_SOURCE DATA:_
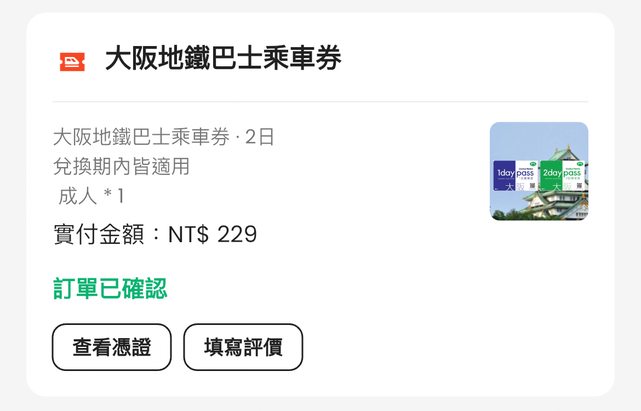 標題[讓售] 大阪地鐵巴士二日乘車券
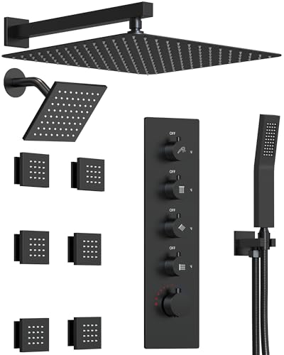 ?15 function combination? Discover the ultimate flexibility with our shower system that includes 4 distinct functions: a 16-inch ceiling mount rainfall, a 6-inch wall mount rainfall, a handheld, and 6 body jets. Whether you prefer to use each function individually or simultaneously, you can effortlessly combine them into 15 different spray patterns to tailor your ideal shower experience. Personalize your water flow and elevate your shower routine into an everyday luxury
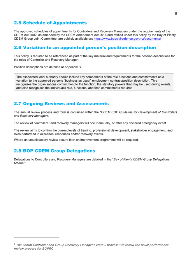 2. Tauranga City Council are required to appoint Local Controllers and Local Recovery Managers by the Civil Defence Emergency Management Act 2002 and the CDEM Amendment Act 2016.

_YOUR GOAL:_
What you return must match the lines from the top of the data through the line with "an everyday luxury" exactly, with the pictures removed.

_OUTPUT OF THE EXERCISE:_
 標題[讓售] 大阪地鐵巴士二日乘車券
 ?15 function combination? Discover the ultimate flexibility with our shower system that includes 4 distinct functions: a 16-inch ceiling mount rainfall, a 6-inch wall mount rainfall, a handheld, and 6 body jets. Whether you prefer to use each function individually or simultaneously, you can effortlessly combine them into 15 different spray patterns to tailor your ideal shower experience. Personalize your water flow and elevate your shower routine into an everyday luxury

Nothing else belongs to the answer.